With $\xi(s)$ the entire Landau Riemann xi function defined by the Hadamard product representation

$$\xi(s) = (1/2) \prod_{\rho_m} [1 - \frac{s}{\rho_m}]$$

where the product ranges over the nontrivial zeros of the Riemann zeta function, let

$$\vartheta(z) = 2\xi(\frac{1}{1-z}) $$

$$= \Xi(\frac{1}{1-z}) $$

$$= \prod_{\rho_m}[1- \frac{1}{\rho_m} \frac{1}{(1-z)}].$$

Let $u = 1/(1-z)$, then $z = (u-1)/u$ and

$$\vartheta(\frac{u-1}{u}) = \Xi(u)$$

$$= \Xi(1-u) = \vartheta(\frac{u}{u-1}),$$

so

$$\vartheta(z) = \vartheta(\frac{1}{z})$$ $$ = \Xi[\frac{1}{1-(1/z)}]= \Xi[\frac{z}{z-1}]$$

$$= \prod_{\rho_k} [1 - \frac{1}{\rho_k} \frac{z}{z-1} ].$$

(Edit June 10: Corrected transcription error.
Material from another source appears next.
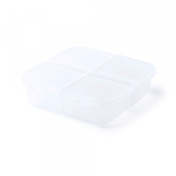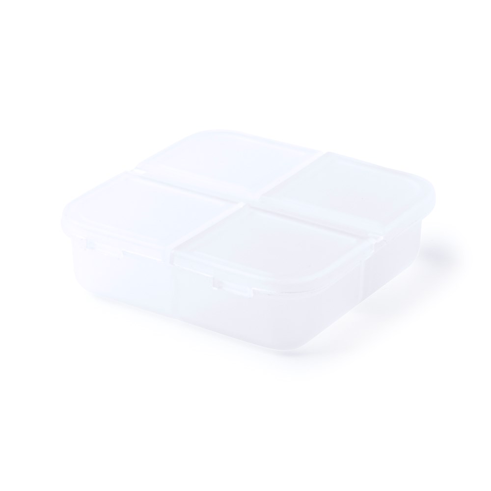 Pillendose aus BPA-freiem, halbtransparentem ABS. Mit 4 Fächern mit individuellen Deckeln.

At last moment I changed notation from $\Omega$ in my notes to $\Xi$ but missed the change in this last set of equalities since I read them in my mind as the same Hadamard product. Sorry for the confusion.)

We then have the two equivalent expressions

$$\vartheta(z) = \prod_{\rho_m}[1- \frac{1}{\rho_m} \frac{1}{(1-z)}] $$

$$ = \prod_{\rho_k} [1 - \frac{1}{\rho_k} \frac{z}{z-1} ].$$

The zeros of the last product are given implicitly by

$$1 = \frac{1}{\rho_k} \frac{z_k}{z_k-1},$$

so

$$z_k= \rho_k/(\rho_k-1)$$

and the other product gives a null factor when

$$1 = \frac{1}{\rho_m}\frac{1}{1-z_k},$$

so

$$z_k = (\rho_m-1)/\rho_m.$$

Each zero is paired with its complex conjugate so that both equations are simultaneously satisfied only if $\rho_k = \bar{\rho}_m$ giving

$$\frac{\rho_m-1}{\rho_m} = \frac{\bar{\rho}_m}{\bar{\rho}_m-1}$$

implying

$$(\rho_m-1)(\bar{\rho}_m-1) = \rho_m \bar{\rho}_m$$

and, therefore, that

$$Real(\rho_m) = 1/2.$$

Edit to address some comments:

If $\vartheta$ were an entire function with real zeros only, e.g., a polynomial with real zeros only, or the reciprocal of the gamma function written as it's Weierstrass factorization, the result would not apply since the necessary pairing that each zero's complex conjugate is also a zero, which is distinct but related to $\rho = 1 - \bar{\rho}$ since $ 3 + i \alpha$ and $3 - i\alpha$ are a conjugate pair that do not satisfy that relation, nor does the symmetry relation $f(s) = f(1-s)$ apply. The symmetry relation and factorization are indeed enough (explicit values for the zeros are not needed) to ensure the critical line--that's the point. Check that $\vartheta(z) = \vartheta(1/z)$ is a severe restriction that when evaluated at $z =0$ giving $\vartheta(0)) = \vartheta(\infty) = 1 = \prod_{\rho_k}[1+(1/\rho_k]$ enforces that $\rho_m = 1/2 + i\alpha$ and $ \rho_k = 1/2 - i\alpha$ are indeed solns.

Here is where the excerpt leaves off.